РУССКИЙ ДРАМАТИЧЕСКИЙ ТЕАТР В ПЕТЕРБУРГЕ “ГРАЖДАНСКИЙ БРАК”

После довольно длинного ряда театральных пьес, утомлявших нас своею пустотою и бессодержательностью, мы наконец были зрителями драматического представления, которое уже невозможно упрекнуть в бедности сюжета. 25-го ноября на сцене Александринского театра, в бенефис почтенного артиста русской труппы г. Зуброва, сыграна в первый раз комедия Н. И. Чернявского “Гражданский брак”.

Пьеса эта возбуждала много толков, споров и противоречий в кружках театральном и литературном; во всем же остальном грамотном мире русском о ней, вероятно, из газет и журналов известно только, что она “встречала препятствия по цензурным условиям”, а потому можно предполагать, что в обществе, где нет никогда недостатка в стремлении вкусить запрещенного, должно быть очень много лиц, желающих знать: что такое заключается в этом “Гражданском браке”, выходившем такою многотрудною стезею на русскую сцену.

В целях удовлетворения этого любопытства мы постараемся рассказать содержание “Гражданского брака” с некоторой полнотою.

“В деревне, в одной из приволжских губерний”, живет помещик. Павел Николаевич Стахеев (роль которого играл г. Григорьев 1-й), вдовец, с дочерью своею Любочкою, или Любовью Павловною (г-жа Струйская 1-я). Мы видим их в первый раз утром, за чайным столом, выставленным на довольно просторную террасу, с которой открывается очень недурной вид. Стахеев говорит с дочерью о заехавшем в их края “молодом чиновнике из Петербурга” Валериане Петровиче Новосельском (г. Нильский), которого домашний учитель Стахеевых, “студент из семинаристов”, Кузьма Иванович Новоникольский (г. Самойлов), повел на охоту и, вероятно, порядком промучит, таская его по болотам.

— Ну, да ничего, — говорит старик Стахеев, находя, что такой променад вовсе не лишнее дело для петербургского нежохи, Новосельского.

Стахееву мало и заботы о Новосельском: это он говорит так, чтобы о чем-нибудь говорить, сойдясь за чайным столом с дочерью. Ему ровно нет никакого дела лично до Новосельского, но ему близка дочь его, Люба.

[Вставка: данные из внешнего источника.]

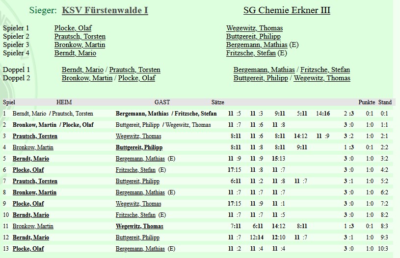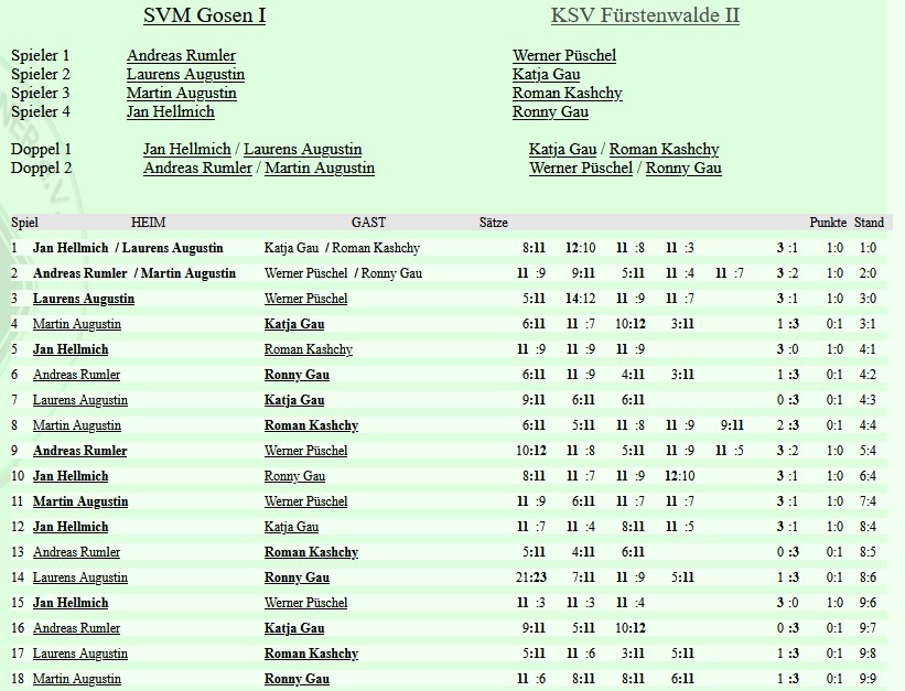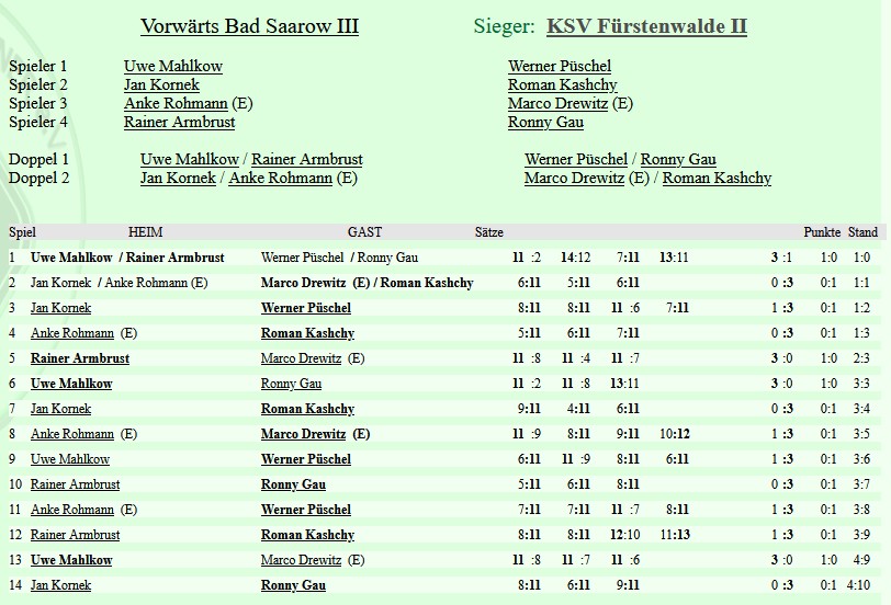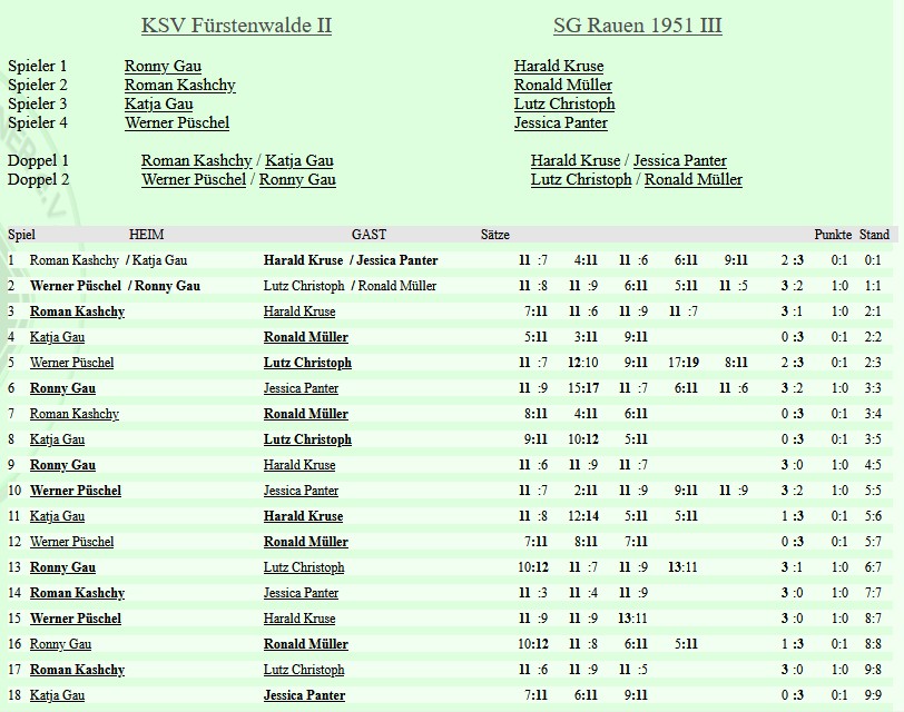 Das hätte ein Sieg werden können. Bis zum 5:5 blieb es ausgeglichen. Dann haben es Ronny, Roman und Werner offensichtlich gereicht und holten Punkt für Punkt bis zum 6:9. Katja hattes in der Hand, den Siegpunkt zu holen. Doch leider war dieser Abend wohl nicht ihr Tag.
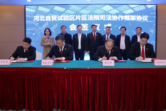 河北自貿(mào)試驗(yàn)區(qū)片區(qū)法院司法協(xié)作框架協(xié)議會(huì)簽儀式現(xiàn)場(chǎng)。 張亞寧攝
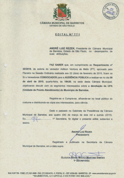 Veja aqui o Edital nº 771/2015, que convocava os vereadores para Audiência Pública no dia 08 de abril de 2015.
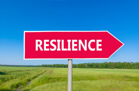 Resilience symbol. Concept word Resilience on beautiful red road sign. Beautiful blue sky green grass and forest peaceful nature background. Business resilience concept. Copy space.

Стахеев сам о себе изъясняет, что он человек прямой, простой, воин, рубака, чтущий память своей покойной жены и нынче более всего любящий свою дочь, Любу; а Люба, по его наблюдениям, с некоторого времени что-то переменилась, закручинилась, не сбирает ему грибков и вообще тревожит его отцовское сердце.

— Ну, любишь ли ты Валерьяна Петровича? — спрашивает, между прочим, Стахеев дочь свою, едва решаясь выговорить ей эту фразу.

— Люблю, — отвечает ему смело и решительно девушка.

Отец и смущен, и тронут этою откровенностью, и, мешаясь в словах, пускается в рассуждение с дочерью: что такая за птица этот Валерьян Петрович Новосельский?

— Бог его знает! может быть, он нехороший, недобрый, неблагородный человек? — соображает старик.

— О, самый благородный, каких только свет создавал, — успокаивает его дочь.

Старик верит этому, но опять размышляет, что ведь не ровня им, не чета и не пара этот Новосельский.

— Да и за что он полюбил тебя? — говорит он дочери. — Ну, впрочем, конечно, он, может быть, понял, что ты будешь хорошая мать, хозяйка, что с тобою можно будет жить легко, счастливо, спокойно.

— О, нет, — возражает Люба, — он совсем не такого мнения о женщине. Он говорит, что призвание женщины заключается не в том, чтобы быть хозяйкой, что женщине открыта широкая дорога, что она должна быть общественною деятельницей.

— Ну, уж этого, — отвечает Стахеев, — я и не понимаю. Мудрены, мудрены, — заключает он, — становятся в наш век молодые люди! — А Люба все напевает ему, как мил их заезжий гость и как благороден; старик этому и начинает верить; но одно, говорит, худо: не думает ли он, что мы богаты, что у нас денег много?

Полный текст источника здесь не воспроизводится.